TASK INSTRUCTIONS:
I would like the records restated word for word, without the pictures.

THE INPUT:
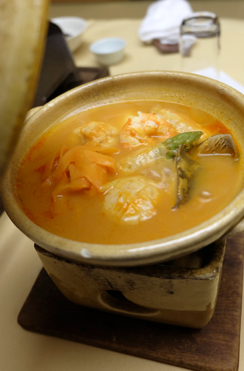 【とまと鍋 帆立貝、海老、烏賊、もち豚アスパラ巻き 他】です。
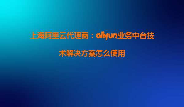 深圳阿里云代理商:aliyun业务中台技术解决方案商业化
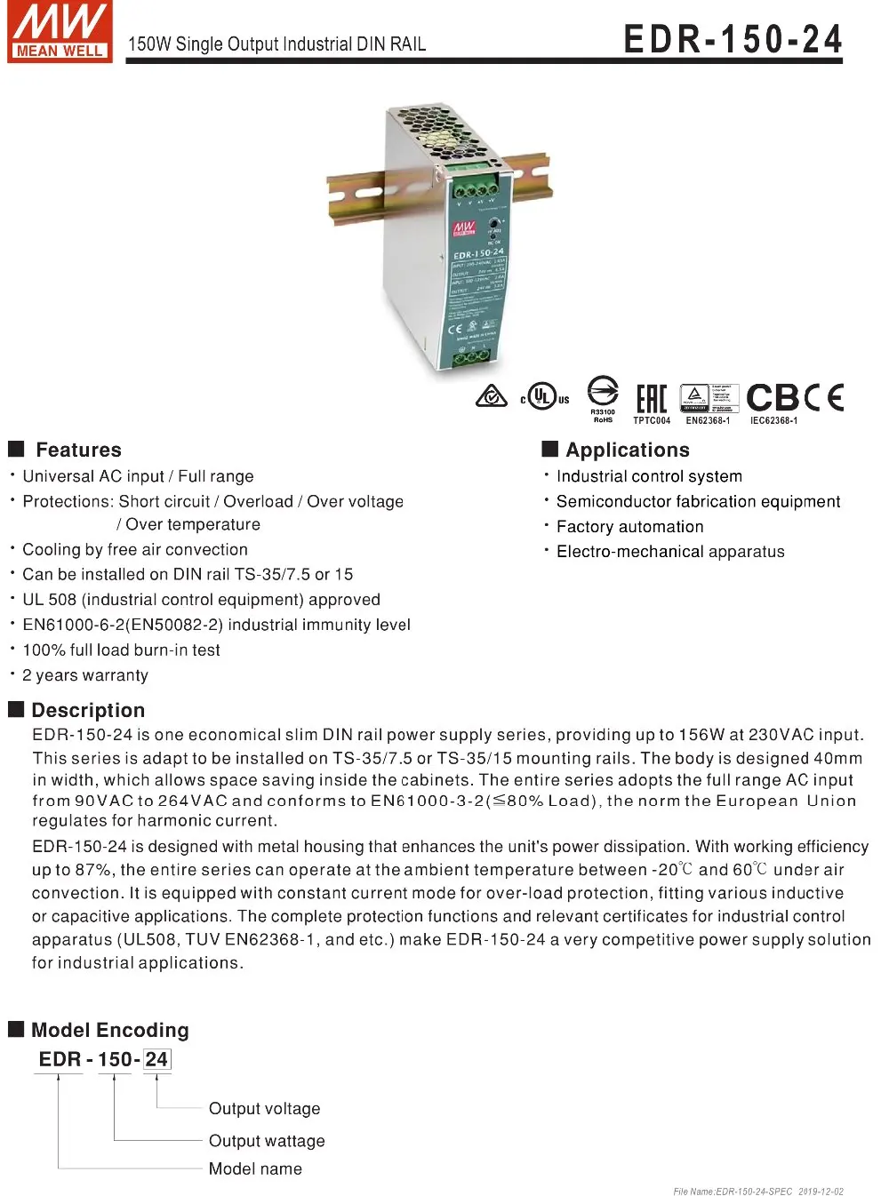 Бренд Mean Well представляет EDR-75 EDR-120 EDR-150 один Выход din-рейку импульсный Питание 12V 24V 48V meanwell светодиодный драйвер
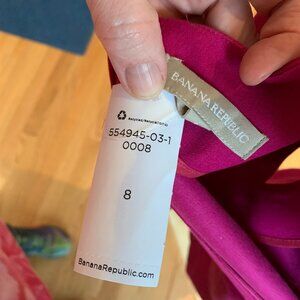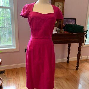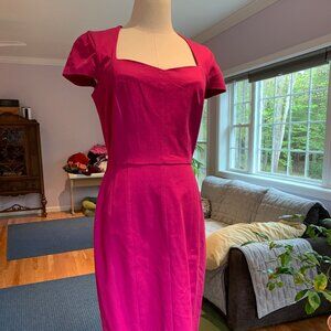 This is a NWT beautiful hot pink short sleeve fitted cap-sleeve dress from Banana Republic in a size 8. Very flattering. Back zipper; hem is still tacked.
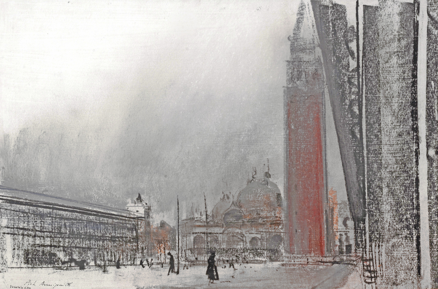Pietro Annigoni produced this drawing of Piazza San Marco, the principal public square of Venice, in 1970, near the close of what may be considered his London Period'. The viewpoint of the beautifully spare composition is probably that of the terrace of the Caffè Florian, which was founded in 1720, and is the oldest café in Italy in continuous operation.
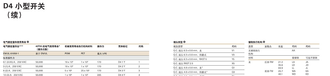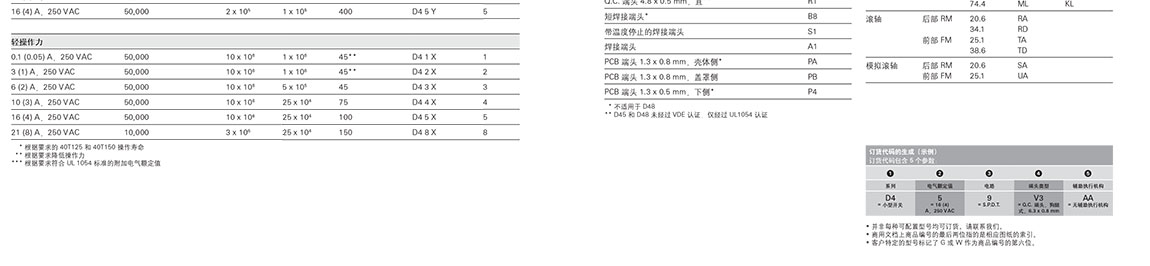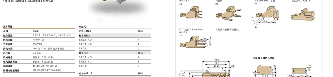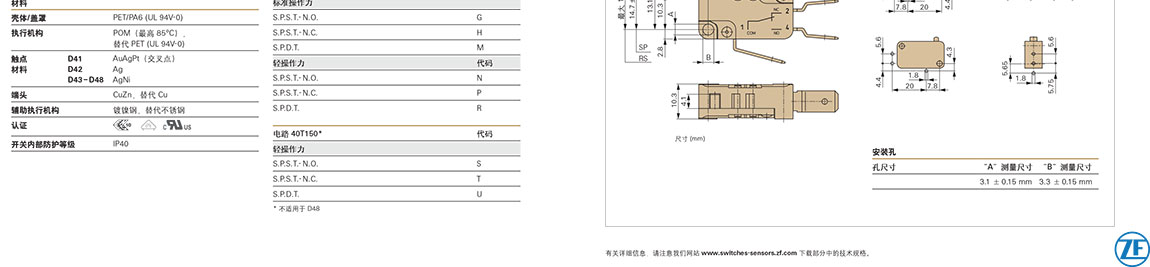 ZF速動微型開關微型 D4 系列
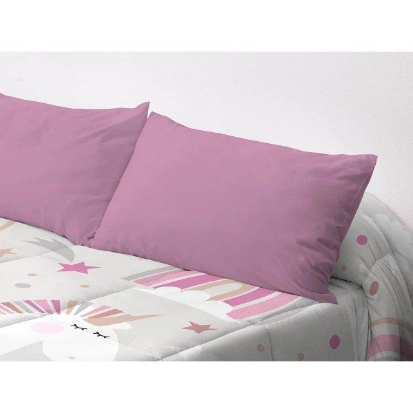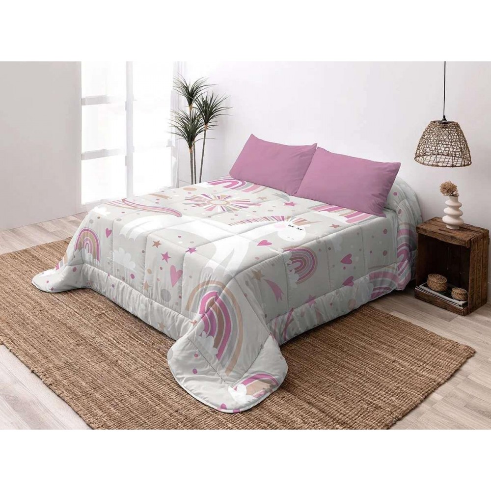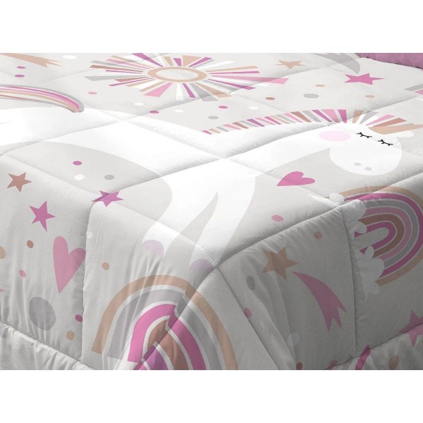 Edredón confort digital infantil de Karamelo, modelo Fantasy, impresión digital de unicornio/arcoiris/nubes/ estrellas en tonos gris, blanco roto, malva, lila y arena. Edición limitada

ANSWER SPACE:
 【とまと鍋 帆立貝、海老、烏賊、もち豚アスパラ巻き 他】です。
 深圳阿里云代理商:aliyun业务中台技术解决方案商业化
 Бренд Mean Well представляет EDR-75 EDR-120 EDR-150 один Выход din-рейку импульсный Питание 12V 24V 48V meanwell светодиодный драйвер
 This is a NWT beautiful hot pink short sleeve fitted cap-sleeve dress from Banana Republic in a size 8. Very flattering. Back zipper; hem is still tacked.
Pietro Annigoni produced this drawing of Piazza San Marco, the principal public square of Venice, in 1970, near the close of what may be considered his London Period'. The viewpoint of the beautifully spare composition is probably that of the terrace of the Caffè Florian, which was founded in 1720, and is the oldest café in Italy in continuous operation.
 ZF速動微型開關微型 D4 系列
 Edredón confort digital infantil de Karamelo, modelo Fantasy, impresión digital de unicornio/arcoiris/nubes/ estrellas en tonos gris, blanco roto, malva, lila y arena. Edición limitada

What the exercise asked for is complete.